The results can be evaluated directly by comparing the modeled 1st and 99th percentiles of the vital signs to the actual values. We include comparisons with the original LPCH vital sign thresholds, and age-based thresholds previously described in[32,33]. A record of the alarms that sounded is available, so the number of alarms that would have been suppressed if the predicted 1st and 99th percentiles were used as thresholds can be found. However, evaluation of the clinical meaningfulness of these results is difficult, as gold-standard labels indicating whether alarms were meaningful are not available. To estimate the appropriateness of the proposed alarm thresholds, we use the dataset of alarms that sounded in LPCH to find alarm thresholds that are not the default values, indicating that clinical staff manually chose this threshold for the patient. The non-default alarms from patients in both the training and the test set were able to be compared to the proposed thresholds without biasing the result of the evaluation, since the actually used thresholds that were used in practice were not input to the models. A total of 727 and 2,242 alarms with non-default settings were found for patients in the test set and the training set respectively. As a second estimate of the appropriateness of the proposed alarm thresholds, we looked for significant clinical events in the 4 hours following an alarm. The label of ‘clinically meaningful alarms’ implies that to meet this criterion, some clinical action should have been taken in response to the alarm. Two lists of clinical events were formulated through consultation with clinicians and clinical experts, and are shown in Table 2. The presence of a clinical event from list A is considered to imply that the alarm was clinically meaningful, while an event from list B implies that the alarm was unnecessary. If events from both list A and list B occur in the 4-hour period following the alarm, this is considered ambiguous and no label is assigned to the alarm. A discharge event where the patient dies within 30 days is treated as a discharge to end of life care. 6.9% of all alarms recorded were assigned a label using this process (8.3% of low alarms and 6.1% of high alarms).

Table 2:

Clinical events used to indicate whether an alarm was clinically meaningful (list A) or unnecessary (list B).
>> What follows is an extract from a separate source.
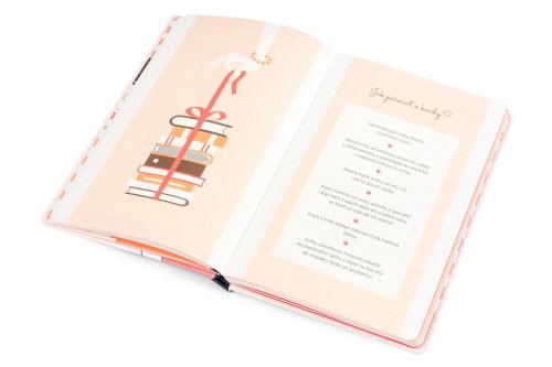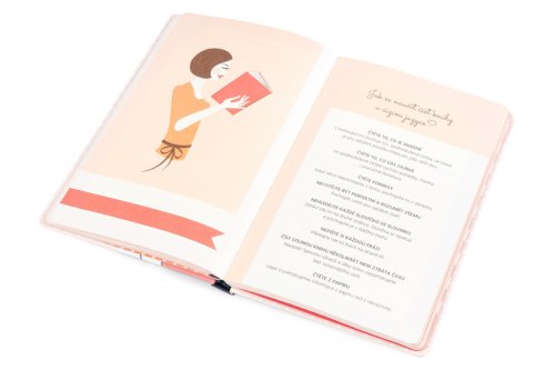 Moderní čtenářský deník, do kterého si zapíšete přečtené knihy, obsahuje zároveň tipy pro vášnivé čtenářky, které nikdy nemají čtení dost.

List A(indicates clinically meaningful alarm)	List В(indicates unnecessary alarm)
Patient death	Patient discharged
Patient transferred to higher acuity unit	Patient transferred to lower acuity unit
Manual change of alarm thresholds to become more conservative	Manual change of alarm thresholds to become less conservative
Patient discharged to end of life care

A record of the alarms that sounded is available, so the number of alarms that would have been suppressed if the predicted 1st and 99th percentiles were used as thresholds can be found. The status of the alarms if the new thresholds were used is compared to the labels created using the clinical events in Table 2 to obtain estimates of the sensitivity and specificity of the alarms. These values are not available to evaluate any other vital sign alarming method, so comparisons with previous methods are not possible. We are also unable to evaluate the performance of the original or age-based LPCH thresholds, as these were used to trigger the alarms.

Results

As shown in Figure 3, using the mean and standard deviation of a patient’s heart rate over a 24-hour period as parameters in a lognormal distribution gives an accurate estimate of the 1st and 99th percentiles of the heart rate over this period. This shows that a lognormal model is well suited to the distribution of an individual patient’s heart rate over a 24-hour period. Figure 4 shows that a model with a single variable of continuous age is able to recover the 1st and 99th percentiles of heart rate more closely than the age-based thresholds previously developed at LPCH. Adding additional demographic and diagnostic features slightly decreases the variance in the error. Figure 4 also compares the vital sign thresholds to the thresholds of non-default alarms in the data set. The low error suggests that the use of 1st and 99th percentiles as threshold values is an appropriate one. The continuous age only model has a similar error to the age-based thresholds, while adding demographic and diagnostic features decreases this error.

Figure 4:

Comparison of alarm thresholds with the 1st (for low thresholds) and 99th (for high thresholds)percentiles of heart rate observed over the first 24 hours of monitoring (circles), and comparison of alarm thresholds with the recorded non-default thresholds (triangles).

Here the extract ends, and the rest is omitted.